Desafios da igreja no Século 21

Desafios da igreja no Século 21A igreja do presente século se depara com muitos desafios, os quais não podem ser ignorados, pelo contrário, devem ser enfrentados. Conforme a própria Bíblia preconiza, a iniquidade aumenta a cada dia e o amor consequentemente se esfria (Mateus 24.12). Se isso já foi problema no passado, hoje se trata de epidemia dos tempos modernos. Essa frieza espiritual na pós-modernidade, nem sempre se traduz como no passado, com um abandono radical da fé, mas se manifesta com um galopante relativismo, onde se adapta uma espécie de vale-tudo dentro do evangelho.

O que antes era pecado, agora não é mais tão pecado assim, ao mesmo tempo em que as práticas profanas vão se infiltrando em nossas lides litúrgicas e eclesiásticas de maneira sutil. Isso é lastimável, mas um desafio que tem de ser enfrentado.

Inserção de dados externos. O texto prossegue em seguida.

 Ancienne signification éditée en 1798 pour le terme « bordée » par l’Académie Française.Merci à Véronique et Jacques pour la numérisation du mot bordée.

No passado, quando numericamente pequenos, éramos desprezados e relegados a segundo plano, mas tínhamos a marca do protestantismo contra o pecado, do santo, do transcendental e do eterno. Agora quando crescemos, aparecemos como um mercado consumidor. Por esse motivo o mundo já não nos considera como esterco da sociedade, mas como uma fatia de mercado a ser conquistada. Isso é perigoso, afinal, não podemos nos engodar com essa falsa aparência de amizade e aceitação por parte do mundo, pois esse jaz no maligno, e essa realidade não mudará. É preciso vigilância!

Os órgãos de imprensa, que antes se constituíam nossos algozes, agora acenam com afagos e ainda disputam nossa audiência utilizando-se dos nossos adoradores, e ou como eles mesmos costumam denominar, nossos “artistas gospel”. Isso é um tremendo desafio e ao mesmo tempo um teste de discernimento espiritual. Não podemos nos iludir.

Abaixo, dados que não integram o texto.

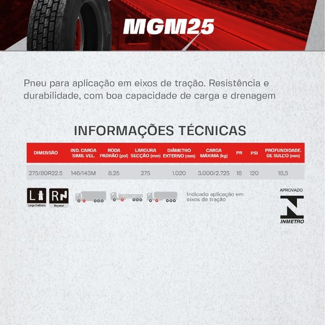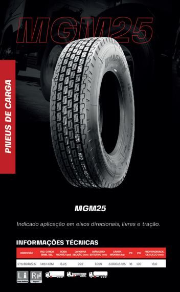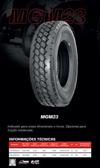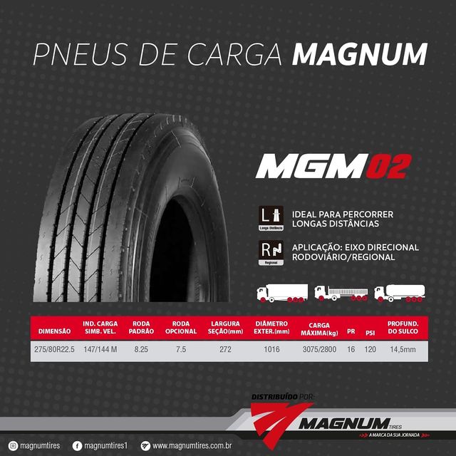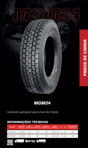 PNEU MAGNUM 275/80R22.5 MGM24(TRAÇÃO) PR16 146/143M TL

Por outro lado, a classe política agora também nos vê como uma espécie de curral eleitoral e, para tanto acena com as benesses do poder. Por mais que saibamos que somos cidadãos e precisamos participar da vida pública, não podemos negociar ou relativizar nossos princípios cristãos exarados nos estatutos das Sagradas Escrituras. Estamos no mundo, mas não somos dele, somos temporariamente cidadãos terrenos, mas nossa cidadania permanente é a celestial.

Enquanto cumprirmos nosso papel de “sal e luz”, seremos odiados pelo mundo, porém abençoados por Deus, mas quando nos mostramos insípidos, o próprio mundo nos pisará, e não teremos a proteção do Senhor.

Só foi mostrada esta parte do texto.